Fine Structure

Fixed vs. Growth Mindsets

Sciencegeekgirl wrote about kids who are rewarded for challenging themselves or consistently told that they're smart and the subsequent outlook on intelligence as a static or dynamic feature in life. This "Growth" vs "Fixed" mindset is something I've definitely thought quite a bit about in the past and comes as little surprise that there's research in this area.

What does come as a surprise is her statement that "I know I'm of the 'Fixed' mindset, and it really hampers me in life." I was definitely encouraged as a child by the idea that I was naturally smart and I can tell you a number of occasions where I was set back because I was challenged and felt that I wasn't smart enough. However, I find that knowing I grew up with the "Fixed" mindset is encouraging because I can tell when I go back to that mindset and I can ignore all those signals about not being smart enough.
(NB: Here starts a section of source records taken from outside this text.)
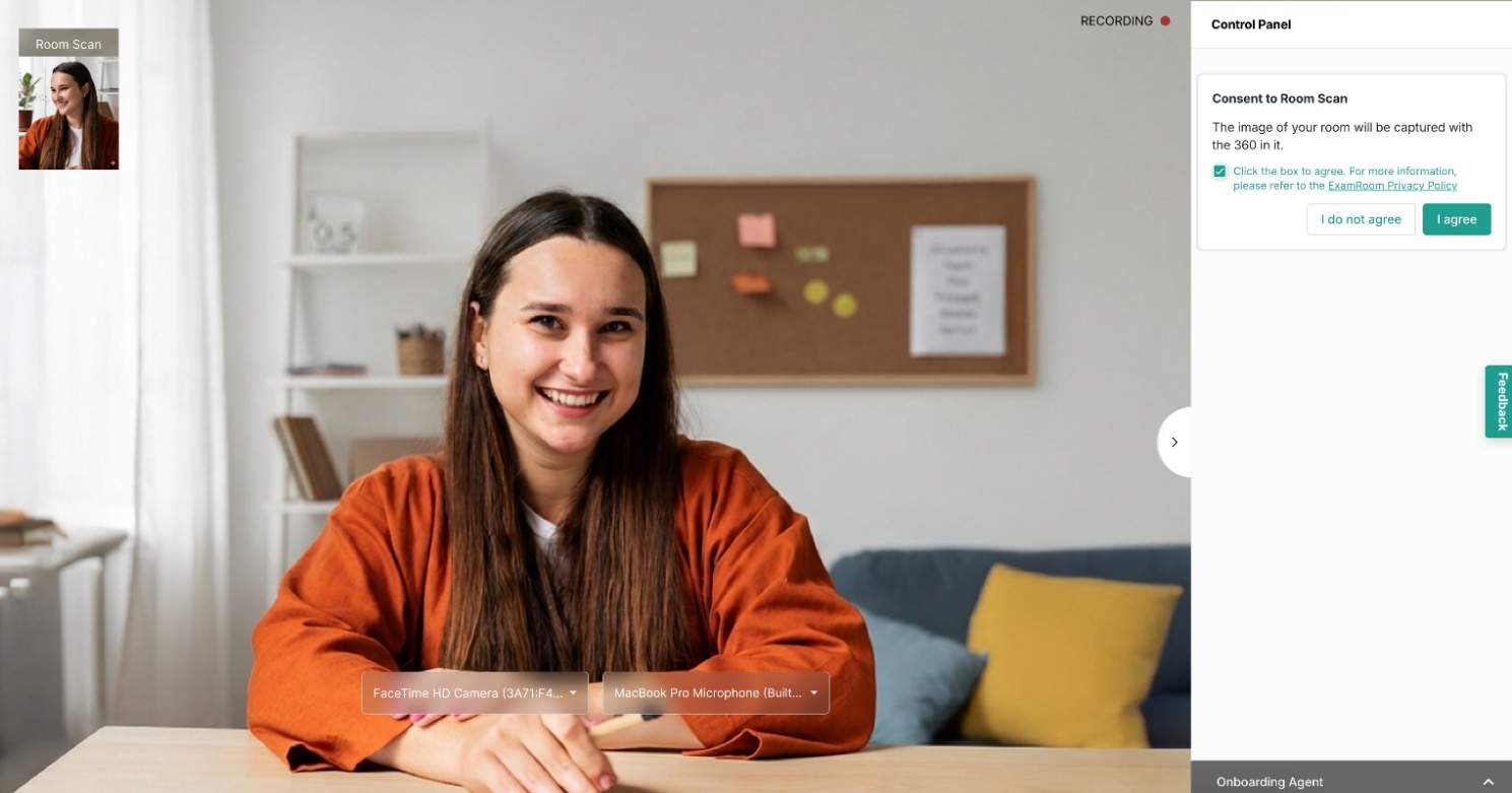Now, to begin the process of Room Scan, the OBA triggers a QR Code display on your screen for you to scan and open the app on your phone, and place your phone as suggested by the OBA so they can see your entire testing area, including your computer.
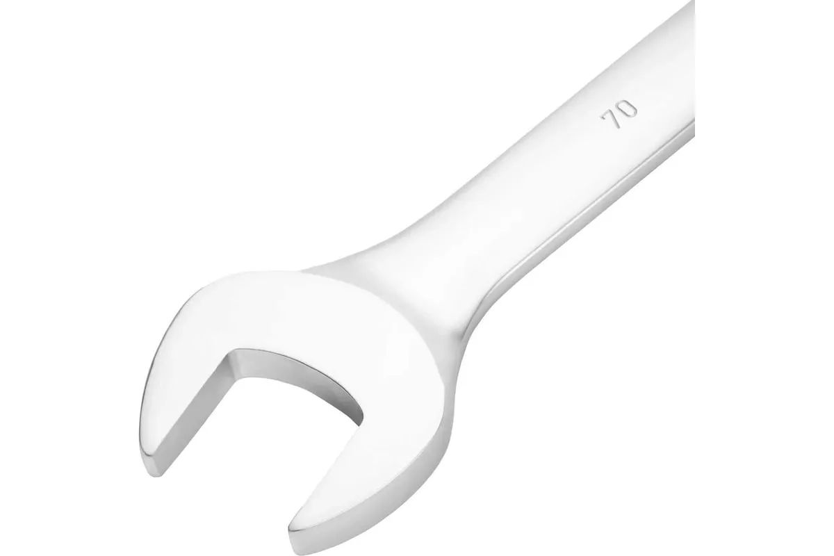 Комбинированный ключ Сибртех 14932 с никелированной поверхностью используется для работы с резьбовым крепежом размером 70 мм. Две рабочие части (рожковая и накидная) расширяют возможности применения инструмента. Кольцевой зев с 12 гранями подходит для работы с болтами и гайками как с шестигранным, так и с двенадцатигранным профилем. Инструмент применяется в автосервисах, на производстве, в строительстве и других сферах, где требуется монтаж крупного резьбового соединения. Преимущества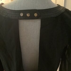 Black open back, pleated peep front, trimmed in vegan leather at neckline and waistband with three button wrist....Fabulous item to add to any collection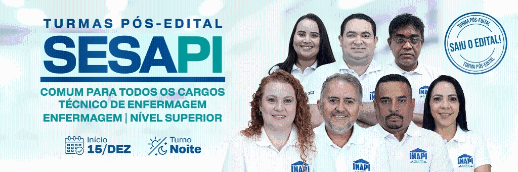 CURSO PÓS-EDITAL SESAPI - COMUM PARA TODOS OS CARGOS/DISCIPLINAS BÁSICAS - NOITE - TRANSMISSÃO AO VIVO (ONLINE/GRAVADO)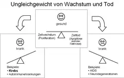 In einem gesunden Organismus werden die Zelltypen, aus denen sich die verschiedenen Gewebe der Organe aufbauen, in einem ausgewogenen artspezifischen Gleichgewicht gebildet und regeneriert, was als Homöostase bezeichnet wird. In diesem Zustand der Homöostase gibt es ein Gleichgewicht zwischen der Vermehrung von Zellen (Zellproliferation) und dem Zelltod. Der Hauptanteil des Absterbens von Zellen erfolgt dabei durch Apoptose, bei der die Zellen „Selbstmord“ begehen. In pathologischen Situationen kann dieses Absterben auch durch Nekrose geschehen. Bei Krebs ist dieses Gleichgewicht zugunsten des Zellwachstums verändert. Die Krebszellen wachsen dabei ungehindert, da hemmende Signale nicht erkannt oder nicht ausgeführt werden. Der Grund liegt in Defekten der Erbinformation, die durch Mutationen entstanden sind.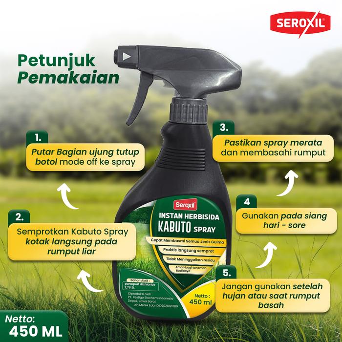 Promo Kabuto Cairan Pembasmi Rumput Liar Gulma Semprot Instan 450ml (Seroxil Hijau Spray - Standar Promo
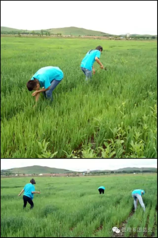 緊接著,該負責人告訴我們這家面粉廠已經建立了好幾十年了,并且為小分隊詳細的介紹了面粉的原料及制作過程。令小分隊更加驚喜的是,面粉的原料竟然是由面粉廠自己種植出來的。隨后,我們跟著負責人到了第二個大院兒里,那里簡直就是面粉的種植基地,放眼望去,綠油油的一片。那里種著制作白面的小麥、莜面的主要原料莜麥,甚至還有胡麻油的原料亞麻籽。小隊一行人在得到負責人的許可,一個個按耐不住的跑到田地里,幫忙除掉雜草。小分隊一行人忙活了一上午,打算爭取把野草全部拔掉。可是美好的愿望被下午的一場大雨摧毀了,只好放棄了這個想法,打道回府.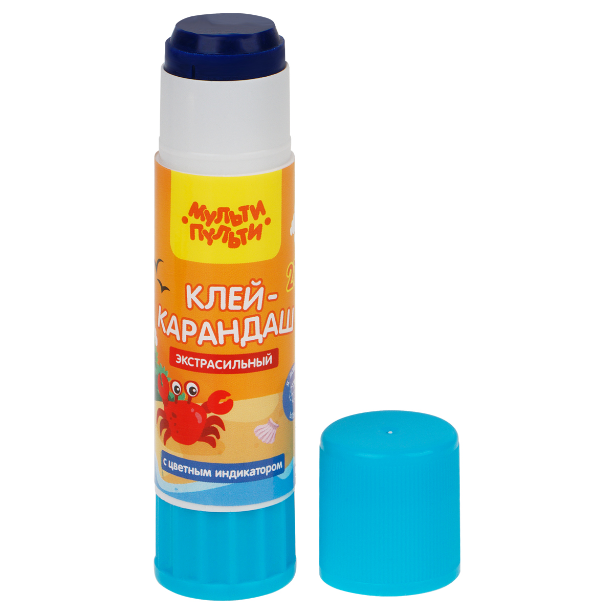 Экстрасильный клей-карандаш «Мульти-Пульти» серии «Енот на Кубе» – незаменимый помощник на уроках труда и занятиях творчеством! Вес нетто – 21 грамм. При нанесении оставляет цветной след, который исчезает по мере высыхания. Благодаря синему индикатору малыш сможет точно и аккуратно наносить клей. Экстрасильная формула на основе ПВП позволяет хорошо склеивать изделия из бумаги, картона, ткани, фотографии. Клей нетоксичен, быстро сохнет, не содержит растворителей, не имеет неприятного запаха и легко смывается с рук водой. Надёжный колпачок предохраняет от высыхания. После использования плотно закрыть крышку. Не рекомендуется детям до 3-х лет. Безопасен при использовании по назначению. Хранить при температуре 0°С-23°С. Срок годности 36 месяцев.<br/>• Вес: 21 г;<br/>• Морозоустойчивость: да;<br/>• Наличие индикатора: да.

It makes you wonder how you could possibly compare intelligence when the difference is really only how much effort you put towards it. ]


Thanks for the note on my posting. I'm a little unclear on what part of my statement surprised you... In case clarification is needed, I don't feel that I was hampered in my life by *knowing* that I was of the 'Fixed' mindset. Rather, I know that being of the 'Fixed' mindset was a detriment in much of my intellectual activity. If I didn't do well on a test, I took it as a real ego blow and felt upset, rather than taking it as a sign that I needed to study harder. Failure stopped me in my tracks, it was somewhat debilitating, instead of serving as a prod to work harder, because I felt that failure meant that I was not worthy.

September 1, 2008
1:53 PM

From sciencegeekgirl

I totally understand the detriment of having a 'Fixed' mindset. The way I think about it, if your first instinct is to feel 'Fixed' and you can catch that, you've had a better experience than someone who's grown up on 'Growth' and knows only that. 'Fixed' hampered you before you could understand it, but you've had both experiences now - you can relate to both!

I suppose you could boil it down to the distinction of "I was hampered" versus "I am hampered." Does that make more sense?